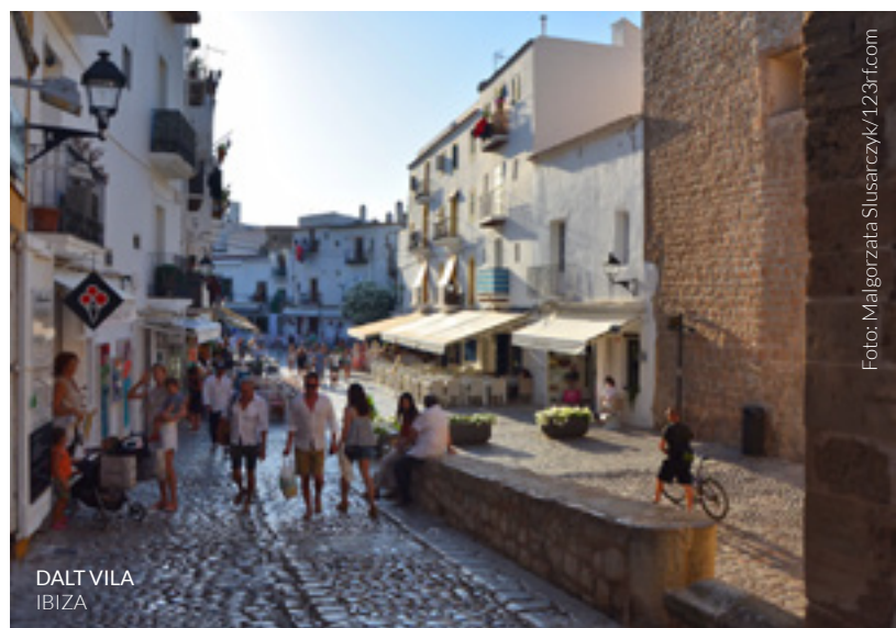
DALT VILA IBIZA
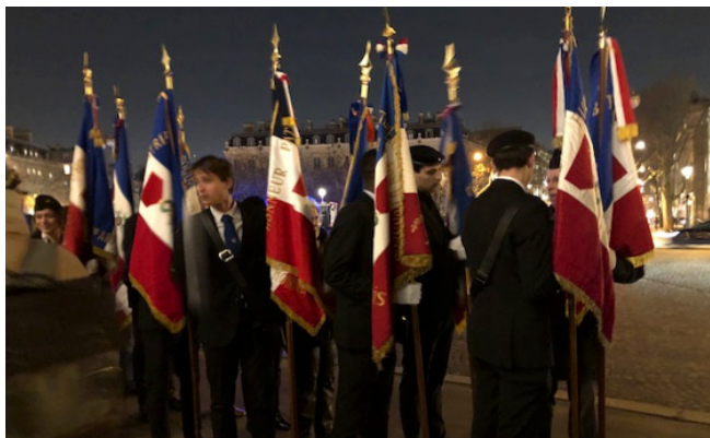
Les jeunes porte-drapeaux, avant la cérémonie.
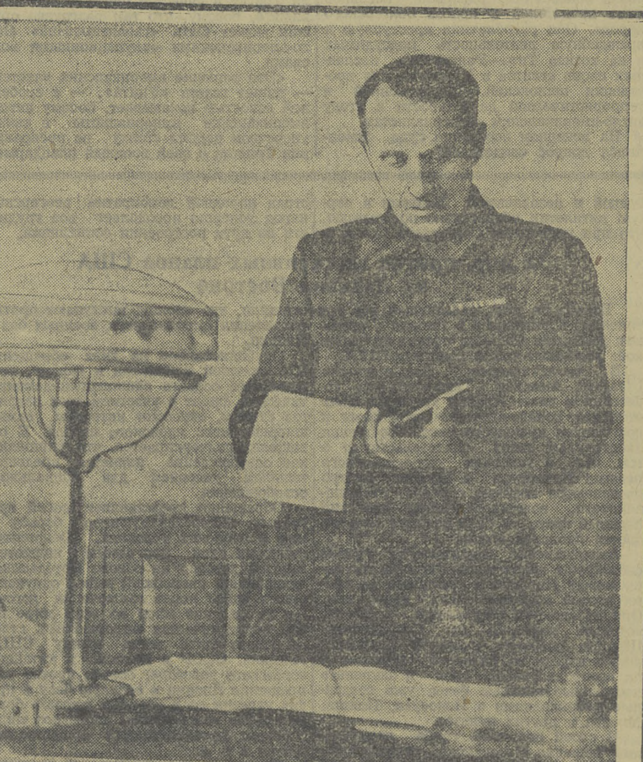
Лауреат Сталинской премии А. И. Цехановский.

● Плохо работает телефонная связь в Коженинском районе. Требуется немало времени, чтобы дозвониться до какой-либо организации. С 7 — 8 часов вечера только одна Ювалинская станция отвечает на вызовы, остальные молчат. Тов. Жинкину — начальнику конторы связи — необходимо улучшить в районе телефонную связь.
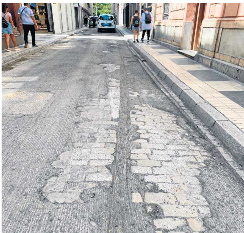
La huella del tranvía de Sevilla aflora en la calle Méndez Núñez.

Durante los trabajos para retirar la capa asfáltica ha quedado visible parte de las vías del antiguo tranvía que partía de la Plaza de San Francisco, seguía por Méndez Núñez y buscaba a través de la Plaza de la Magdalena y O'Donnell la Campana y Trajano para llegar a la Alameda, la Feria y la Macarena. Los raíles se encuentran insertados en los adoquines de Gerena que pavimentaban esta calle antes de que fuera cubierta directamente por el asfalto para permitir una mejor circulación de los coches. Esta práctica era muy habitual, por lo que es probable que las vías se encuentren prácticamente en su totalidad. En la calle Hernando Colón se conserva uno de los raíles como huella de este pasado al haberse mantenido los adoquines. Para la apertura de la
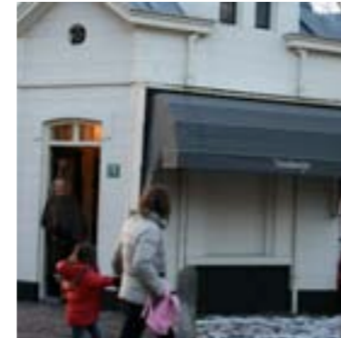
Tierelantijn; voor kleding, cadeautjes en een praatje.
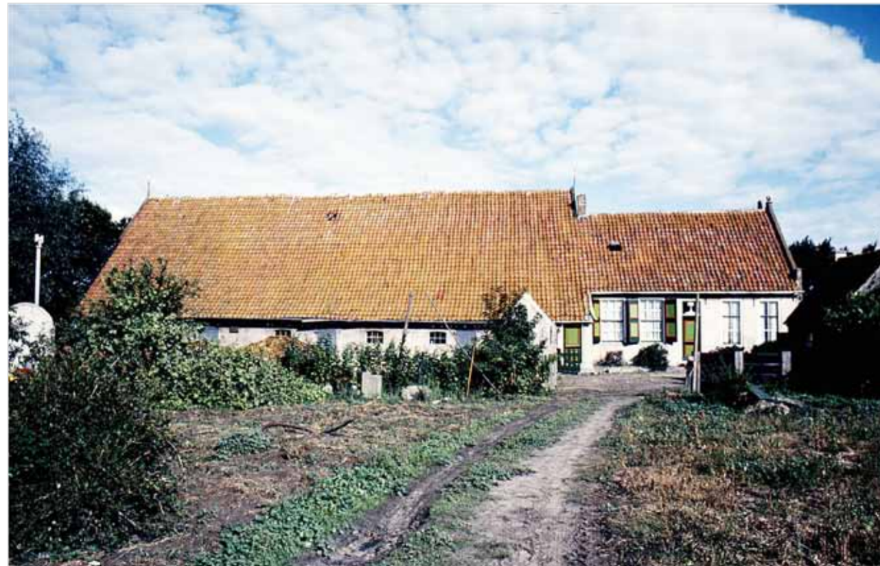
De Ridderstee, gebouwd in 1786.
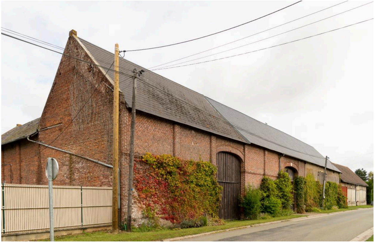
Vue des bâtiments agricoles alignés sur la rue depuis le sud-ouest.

--

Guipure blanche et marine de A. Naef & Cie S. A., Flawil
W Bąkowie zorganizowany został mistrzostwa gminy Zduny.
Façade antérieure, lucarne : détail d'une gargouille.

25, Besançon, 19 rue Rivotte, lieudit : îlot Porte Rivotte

==

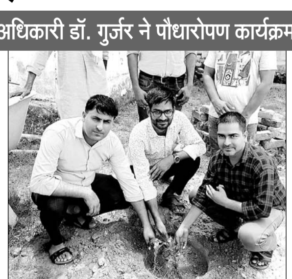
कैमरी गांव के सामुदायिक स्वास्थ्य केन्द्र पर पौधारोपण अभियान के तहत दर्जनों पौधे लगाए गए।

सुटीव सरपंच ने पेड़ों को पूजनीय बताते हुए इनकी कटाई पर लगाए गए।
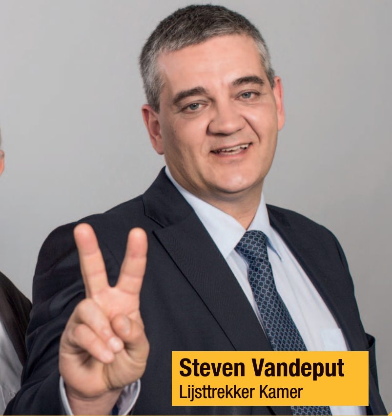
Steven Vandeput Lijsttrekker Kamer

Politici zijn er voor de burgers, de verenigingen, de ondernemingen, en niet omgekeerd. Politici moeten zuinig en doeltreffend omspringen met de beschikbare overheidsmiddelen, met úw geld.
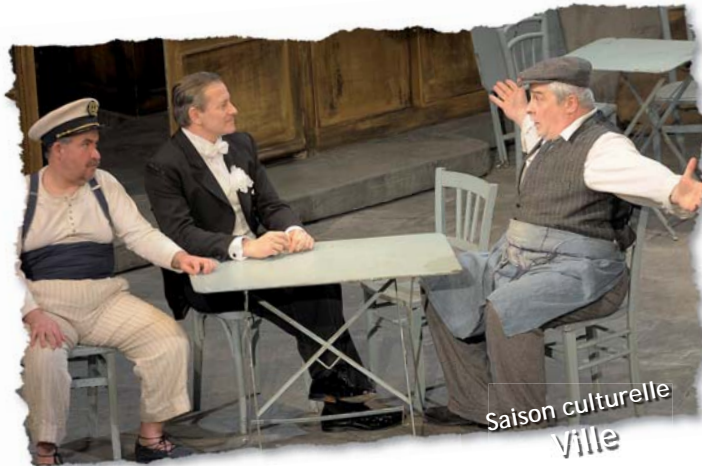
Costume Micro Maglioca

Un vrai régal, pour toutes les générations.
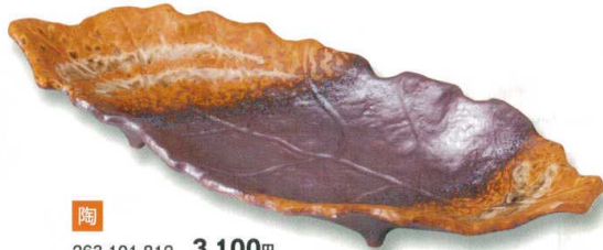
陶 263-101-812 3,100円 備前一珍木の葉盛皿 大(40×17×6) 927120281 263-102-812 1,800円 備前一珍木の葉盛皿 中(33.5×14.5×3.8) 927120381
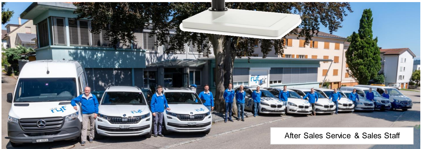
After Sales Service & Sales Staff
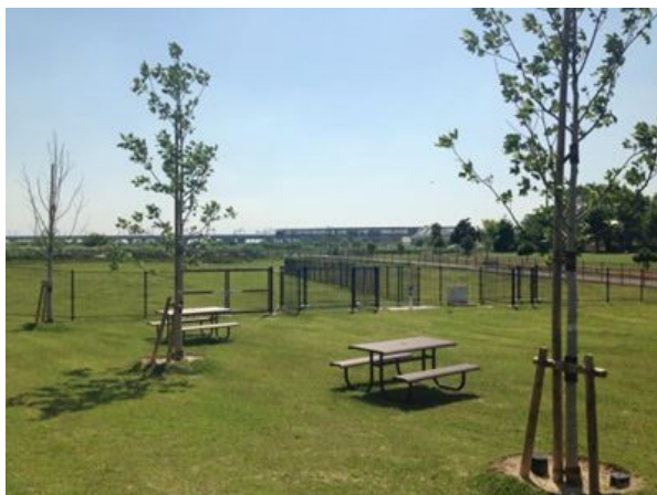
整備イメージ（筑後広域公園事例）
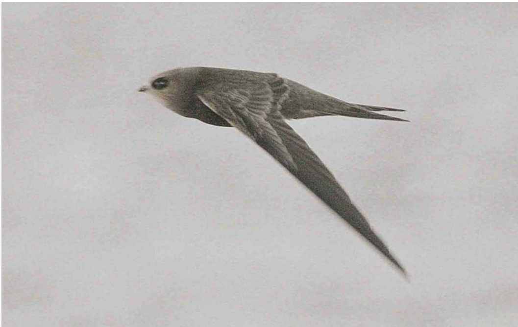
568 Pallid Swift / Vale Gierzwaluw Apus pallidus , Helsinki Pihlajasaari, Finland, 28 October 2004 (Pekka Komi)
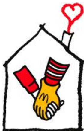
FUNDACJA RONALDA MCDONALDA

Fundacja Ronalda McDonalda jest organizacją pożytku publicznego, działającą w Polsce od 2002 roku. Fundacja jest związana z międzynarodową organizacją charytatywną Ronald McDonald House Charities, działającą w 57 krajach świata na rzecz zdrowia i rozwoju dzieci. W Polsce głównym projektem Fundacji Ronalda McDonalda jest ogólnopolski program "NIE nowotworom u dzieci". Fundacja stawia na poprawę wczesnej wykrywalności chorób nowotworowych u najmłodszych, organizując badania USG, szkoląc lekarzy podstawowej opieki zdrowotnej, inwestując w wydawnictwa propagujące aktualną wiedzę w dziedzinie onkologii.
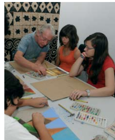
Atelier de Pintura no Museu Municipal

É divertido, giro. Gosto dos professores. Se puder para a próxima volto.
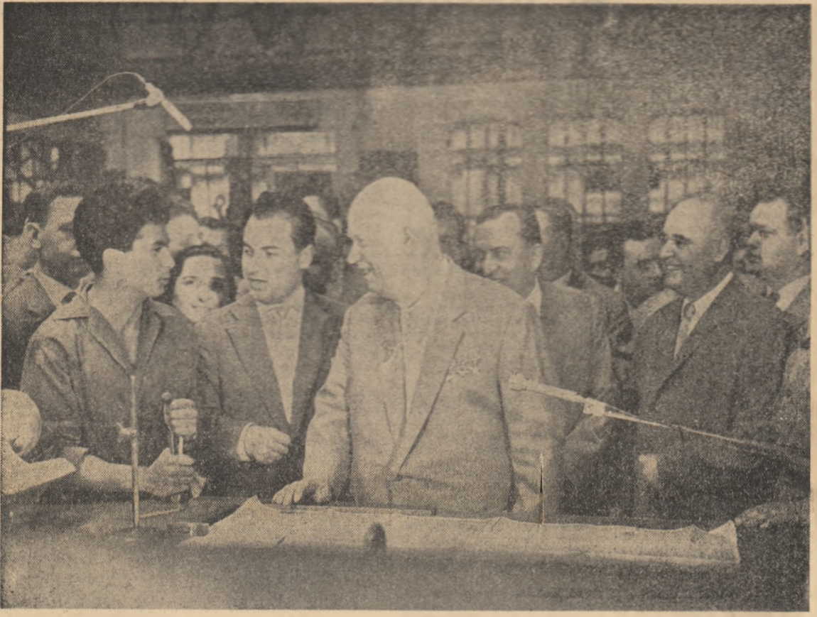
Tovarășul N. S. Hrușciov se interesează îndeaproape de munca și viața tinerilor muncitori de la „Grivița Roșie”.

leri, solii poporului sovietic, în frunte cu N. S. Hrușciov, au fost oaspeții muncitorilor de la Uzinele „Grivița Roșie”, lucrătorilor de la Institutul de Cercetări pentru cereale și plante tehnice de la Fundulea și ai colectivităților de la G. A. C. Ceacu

ACTIVITY:
In the listing above, find the line with "районе телефонную связь." and the line with "Vue des bâtiments". Transcribe those two and everything between, exactly, leaving out pictures.

RESULT:
● Плохо работает телефонная связь в Коженинском районе. Требуется немало времени, чтобы дозвониться до какой-либо организации. С 7 — 8 часов вечера только одна Ювалинская станция отвечает на вызовы, остальные молчат. Тов. Жинкину — начальнику конторы связи — необходимо улучшить в районе телефонную связь.
La huella del tranvía de Sevilla aflora en la calle Méndez Núñez.

Durante los trabajos para retirar la capa asfáltica ha quedado visible parte de las vías del antiguo tranvía que partía de la Plaza de San Francisco, seguía por Méndez Núñez y buscaba a través de la Plaza de la Magdalena y O'Donnell la Campana y Trajano para llegar a la Alameda, la Feria y la Macarena. Los raíles se encuentran insertados en los adoquines de Gerena que pavimentaban esta calle antes de que fuera cubierta directamente por el asfalto para permitir una mejor circulación de los coches. Esta práctica era muy habitual, por lo que es probable que las vías se encuentren prácticamente en su totalidad. En la calle Hernando Colón se conserva uno de los raíles como huella de este pasado al haberse mantenido los adoquines. Para la apertura de la
Tierelantijn; voor kleding, cadeautjes en een praatje.
De Ridderstee, gebouwd in 1786.
Vue des bâtiments agricoles alignés sur la rue depuis le sud-ouest.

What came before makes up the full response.